But here's a contrary idea that's actually backed by science: Ontogeny recapitulates philogeny. The experience of the one mirrors the experience of the group. Civilizations are actually like individual people. They age. When they're young, they're resilient. When they grow old, they're not. The not very mysterious reason for the fall of advanced civilizations is that they die of boredom, unbelief, and a consequent loss of the survival instinct.

Europe has been dying to die for a century at least. Why? They're exhausted. They've thought all their thoughts, written all their books, painted all their pictures, sculpted all the fountains they ever imagined, and fought every war they could invent a reason for. Now, all they want is to sit in their air-conditioned room staring at a TV game show and please don't bother them with bills or other obligations.

The United States of America was an extraordinary attempt to break out of this pattern. The distinguishing idea was not democracy, which had already been tried repeatedly, but eternal youth. This was a country founded on the idea that people who were vital and resilient at heart could leave the dying places and come to a perennially new world where youthful ideals, energy, persistence, faith, desire, and dreams could hold boredom at bay forever. Such people came from everywhere -- Europe, Asia, Africa -- and traded their grandparents' cynical resignation for a new covenant with hope.

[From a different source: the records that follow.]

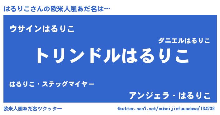 | 男性向けラノベタイトル風あだ名 | 『はるりこ~年齢イコール彼女いない歴の魔法使い~』 |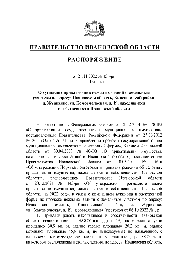 Распоряжение Правительства Ивановской области от 21.11.2022 N 156-рп "Об условиях приватизации нежилых зданий с земельным участком по адресу: Ивановская область, Кинешемский район, д. Журихино, ул. Комсомольская, д. 19, находящихся в собственности Ивановской области"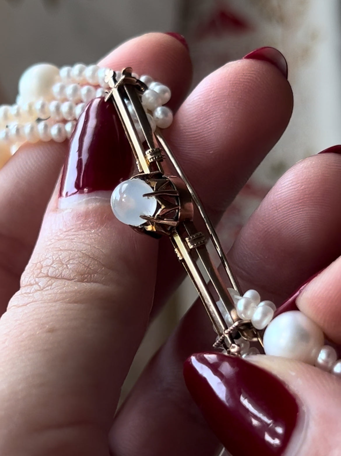 Rare 14ct American Aesthetic Movement Moonstone Bar Brooch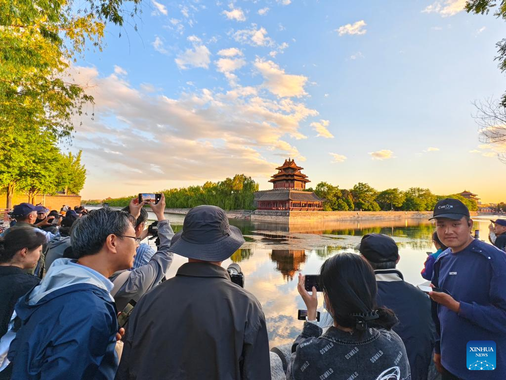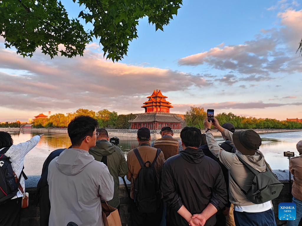 This photo taken with a mobile phone on April 27, 2026 shows tourists enjoying the view of a turret of the Palace Museum in Beijing, capital of China. (Xinhua/Xu Jinquan)

It worked for nearly 200 hundred years. Longer than most fountains of youth, to be sure. But old age has a way of catching up to everyone. Now the Baby Boomers are a perfect symbol of their nation, which continues to think (and speak) of itself as young even though it's actually the oldest old fart at the party. (Yes, technically, Britain is older, meaning they've lasted longer without the facelift represented by a brand new form of government, but Alzheimer's is a cruel taskmaster and its absolutist amnesia is not rejuvenating.) America is no longer young, though. Under the highlighted hair transplants and inside the juvenile tracksuit tailored to show off silicon breasts and lipo-ed hips, America has grown very very old.

I say this as one who has also grown old. Ontogeny recapitulates philogeny. When I was young I never thought of blood. I was from New Jersey. Now I play CDs of bagpipe music and imagine myself marching with Bonnie Prince Charlie. As if I were more Scottish than American. I've never been to Scotland... but I'm becoming what I used to jeer at in all the old cosmopoilitan Jews I saw, who mysteriously acquired Yiddish accents as they sank into dotage, kvetching about putzes where they used to scorn presumptuous fools. But I'm not alone. This country which was once about citizenship as a conceptual union among the like-minded has become a nursing home common room filled with phony nativists from all the nations their ancestors sacrificed everything to leave.

What else do we old codgers think about in the nursing home? We want our pills, dammit, and we don't much care who has to pay for them or how long they'll be paying for them. We just know we've lived long enough and worked hard enough that it's someone else's turn to take care of us now. By the way, don't ever talk to us about making sacrifices for the future. Our future is measured in sitcom units, meaning 22 minutes plus commercials. And if the show isn't funny or diverting or all wrapped up after the last laxative ad, we're not interested. We may not be interested even then. Truth is, we're bored.

Did I mention that we're bored? I did? Well, it bears repeating. We're b-o-o-o-o-o-r-ed. So b-o-o-o-o-o-o-o-o-r-ed. We've already done it all, you see. All the eating and drinking and buying and working and fucking and child-rearing and sacrificing and paying and paying and watching and believing and getting the mail and getting fucked and getting watched and getting told what to do and getting fucked again and getting audited by our great democracy and getting screwed by ungrateful children and getting lied to by everyone and getting fucked again and again and again, so that all we want now is our chocolate pudding and possession of the remote control. And some nice big checks from the government.

Is God in the nursing home? No. We no longer care about the toughest question youngsters ask of God -- Why do bad things happen to good people? -- because we've lived long enough to realize that we are not good people, and given what we deserve, it would be better by far if He weren't there at all and life just ended when it looks like it does, with a stopped heart and a stone-cold brain.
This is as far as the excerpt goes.